O culto à padronização corporal no Brasil
Enviada em 04/09/2019
Em um mundo de redes sociais é comum classificar as pessoas baseando-se apenas em uma foto. Se a foto não estiver em boa resolução, fundo bonito ou a própria pessoa estiver fora do padrão pré definido isso já se torna motivação de violência, discurso de ódio e até preconceitos. Sendo assim, é preciso que esta cultura de padronização termine, pois impõe uma vida inalcançável para as pessoas que tentando buscá-lo colocam suas vidas em risco.

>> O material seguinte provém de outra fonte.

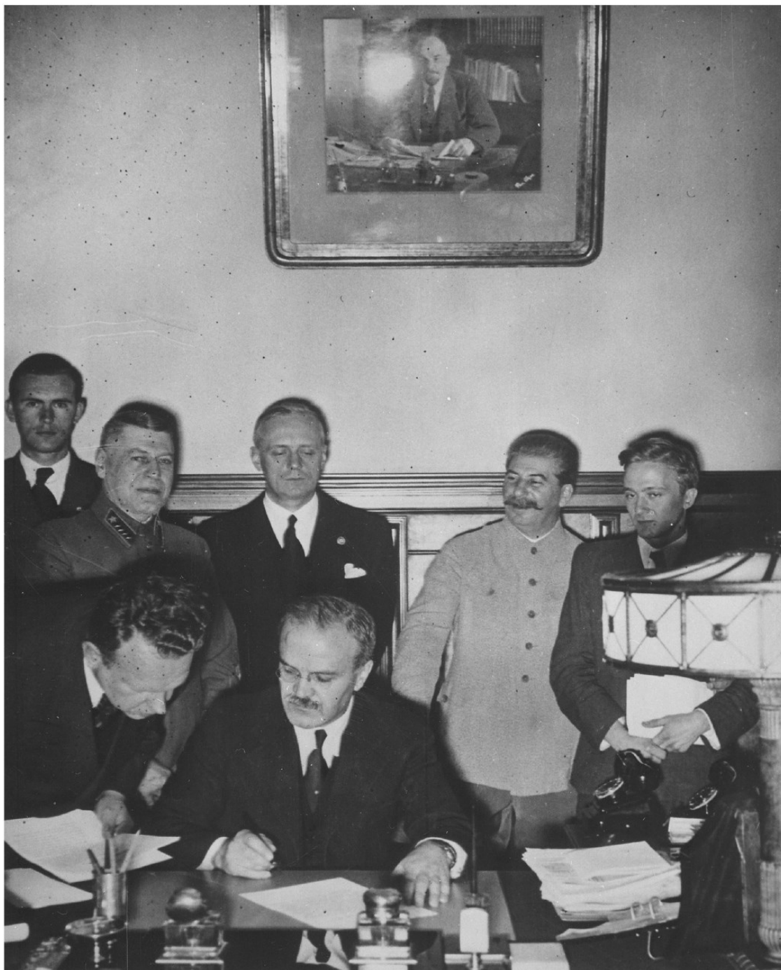
Молотов подписывает Договор о ненападении между Германией и Советским Союзом (за ним Риббентроп, справа Сталин) (23 августа 1939 г.)

Искажение, фальсификация истории – мощное оружие в сфере психоисторической войны вообще и информационной войны в частности. Материализованная в виде институтов, образовательных структур, систем грантов и т.п. фальсификация истории есть один из элементов глобального управления, которое в качестве факта и процесса, как правило, отрицается конвенциональной (профессорско-профанной) наукой, квалифицирующей попытку серьезного изучения наднациональных структур мирового согласования и управления как «конспирологию», «теории заговора» и т.п. Ясно, что наука, обслуживающая субъекта глобального управления, должна отрицать факт его существования. Поэтому сам по себе анализ наднационального управления, его структур, форм, этапов развития, методов и т.п. как ПОЛИ-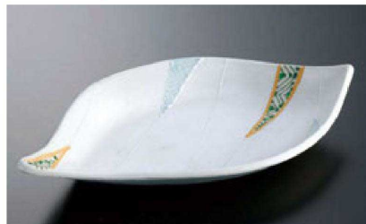
⑰ H-70-48 直送 陶葉型ベタ焼皿 ホワイト銀彩二色三角紋 (有田焼) ¥5,200 (24×14.8×4)

直送 この頁の商品はメーカーから直送の為、運賃は別途請求になります。 *この頁の商品は、掛率が異なりますのでご注意ください。

Primeiramente, é preciso lembrar que ninguém é igual, caso contrário não existia variabilidade genética e todos seriam clones. Para o filósofo Immanuel Kant o gosto é subjetivo, e não precisa ser justificado racionalmente. Contudo, no mundo líquido da ditadura da padronização tudo tem que ser o mesmo. Uma única perfeição. Para as mulheres cabelos longos e hidratados, um corpo magro, definido. Aos homens corpos bem definidos, cor de olhos, tipos de cabelo e até tons de pele.
Outro fato, é que se alguém não se esforçar para entrar no “normal” ou sair dele é destinado ao esquecimento. Como buscar a perfeição é algo de aclamação no mundo dos likes esta prática pode ser inofensiva. Porém esconde perigos como: anorexia, bulimia, desnutrição e ingestão, aplicação de substâncias podendo levar até a morte.Como exemplo da vocalista do grupo pussycat dolls, Nicole Scherzinger que usou e abusou da sensualidade, contudo para permanecer assim travava uma guerra secreta à bulimia.
Logo, é preciso pôr abaixo os parâmetros perfeitos, pois há pessoas colocando fins em suas vidas inconscientemente. Sendo assim, os veículos midiáticos junto aos orgãos de saúde como hospitais, postos, entre outros. Deveriam explanar o assunto para que desta forma mostram que ser perfeito é impossível é arriscado. E quem sabe desta forma as pessoas se conscientizem de que um corpo bonito não é tudo, e que tenham respeito pelo próximo do jeito que ele é independente de marca, cabelo bonito, entre outros.